MRSA (methicillin-resistant Staphylococcus Aureus) and other drug-resistant bacteria could face annihilation as low-temperature plasma prototype devices have been developed to offer safe, quick, easy and unfailing bactericidal cocktails.
Two prototype devices have been developed: one for efficient disinfection of healthy skin (e.g. hands and feet) in hospitals and public spaces where bacteria can pose a lethal threat; and another to shoot bacteria-killing agents into infested chronic wounds and enable a quicker healing process.
Two papers published today, Thursday 26 November, as part of a selection of papers on Plasma Medicine in New Journal of Physics (co-owned by the Institute of Physics and German Physical Society), demonstrate how far the design of equipment to harness the bacteria-killing power of low-temperature plasma has come.
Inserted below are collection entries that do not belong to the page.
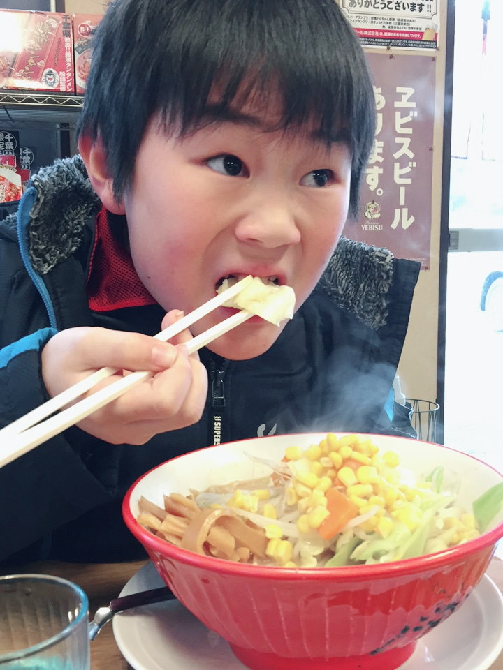 味噌ラーメンをおいしそうに頬張るミッキー。
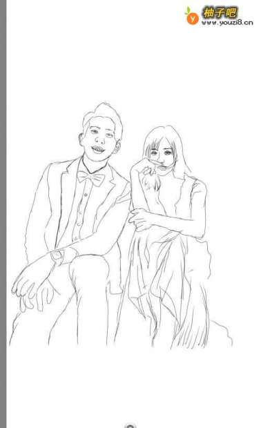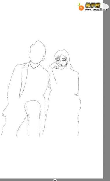 4现在开始对新郎新娘服饰,进行一个线条的绘画。
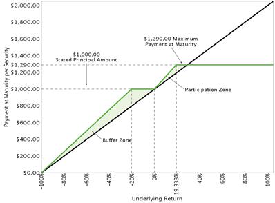 You will receive at maturity for each security you then hold: § If the final underlying value is greater than the initial underlying value: $1,000 + the return amount, subject to the maximum return at maturity § If the final underlying value is less than or equal to the initial underlying value but greater than or equal to the final buffer value: $1,000 § If the final underlying value is less than the final buffer value: $1,000 + [$1,000 × the buffer rate × (the underlying return + the buffer percentage)] If the final underlying value is less than the final buffer value, which means that the underlying has depreciated from the initial underlying value by more than the buffer percentage, you will lose more than 1% of the stated principal amount of your securities at maturity for every 1% by which that depreciation exceeds the buffer percentage. Accordingly, the lower the final underlying value, the less benefit you will receive from the buffer. |
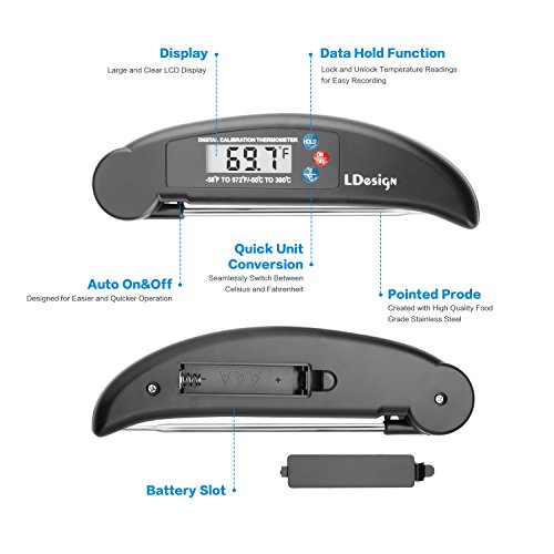 - LDesign Digital Food Thermometer, with IP55 Waterproof, pefect for Perfect for indoor & outdoor cooking, grilling, BBQ, baby milk, candy making, bath water and so on
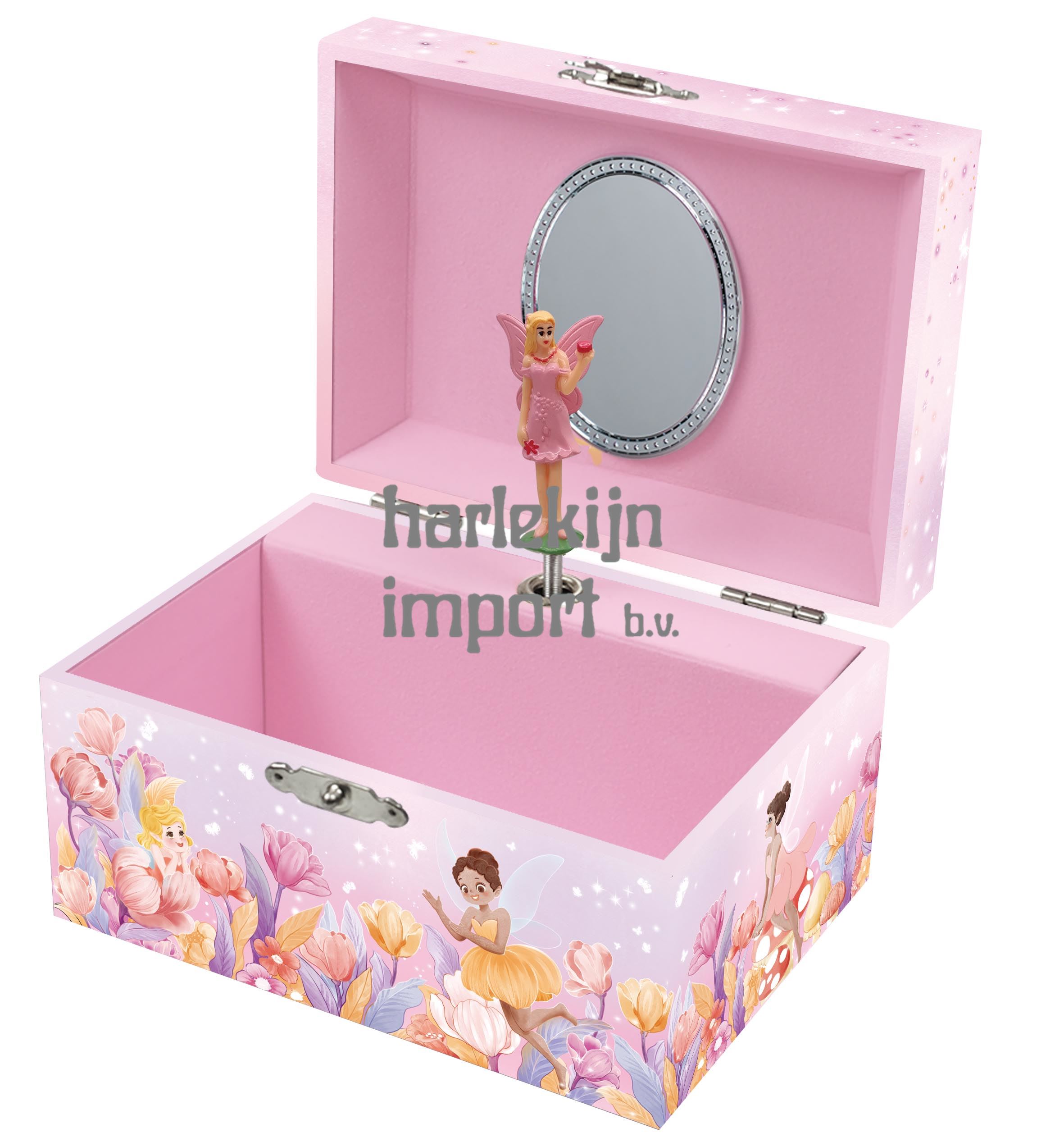 In het juwelendoosje met muziek draait als figuurtje een roze Elfje!

Plasma, oft called the fourth state of matter after solid, liquid and gas, is defined by its ionized state. In space, stars are made up of high-energy plasma and, on Earth, it is researchers in high-energy plasma that are making significant strides towards limitless energy from nuclear fusion. The high energy of plasma stems from some atoms or molecules in a gas being stripped of their electrons, resulting in a mix of ionized and neutral species.
Also on Earth, scientists have been working on low-temperature and atmospheric-pressure plasma and have found applications in a range of industries, from plastic bag production to the manufacturing of streetlamps and semiconductor circuits.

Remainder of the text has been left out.